Deprem olduğunda ben, sıcaktan bunalmış, yatakta bir o yana bir bu yana dönüyordum, bir türlü uyku tutmuyordu. Derken müthiş bir gürlemeyle her yer sallanmaya başladı. Ne korkunç bir şeydi o, gerçekten... Hiç bitmeyecek sanmıştım. Ancak bugün geriye dönüp baktığımda, neredeyse sallantıdan çok o inanılmaz gümbürtüyü anımsıyorum. Hayatımda daha önce hiç bu kadar korkmamıştım.
Evet, sevgili yazar (artık size böyle hitap etmemde bir sakınca yok, değil mi?), yazdıklarınızı okuduktan sonra, açıkçası, şöyle bir endişeye kapıldım... nasıl desem: Böyle bir konuyu işleyen bir romanın okur tarafından nasıl karşılanacağını düşünmek zorundasınız. Yazdıklarınız ister istemez tatsız anıları tazeleyecek, korkuları depreştirecek, insanları unutmaya çalıştıkları bir dönemle yeniden yüzleşmeye zorlayacak.

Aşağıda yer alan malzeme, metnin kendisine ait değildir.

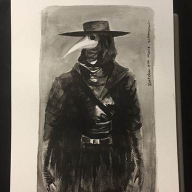 #aquarelle #blackdeath #bubonicplague #drizzle #plague #rain #silhouette #silhouettetrees #sunrise #watercolour #yersiniapestis #earlymorning #plaguedoctor #watercolorpainting #plaguedoctormask #earlymorningsunlight #aquarelleart
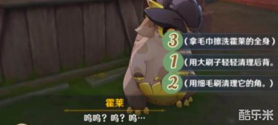 前三步先按照NPC提出的顺序来选择:『清理后背』→『清理角』→『擦洗全身』(选项②③①),在第四步应不按照他的要求,而是反复选择『摸摸肚子』『捏捏手』,任意选三次。

Bu durumda, çoğu insan bu konunun ele alındığı bir kitabı okumaktan kaçınırmış gibi geliyor bana, hatta okumaya niyetlenenlerin önemli bir kısmını bile bu sevimsiz duygulardan uzaklaşmak için kitabınızı kısa sürede ellerinden atabilirler...
Buna hazırlıklı olmalısınız.
Yani, sevgili Selin... demek istediğim şu: Daha ilk romanında bu kadar mayınlı bir araziye girmen şart mı?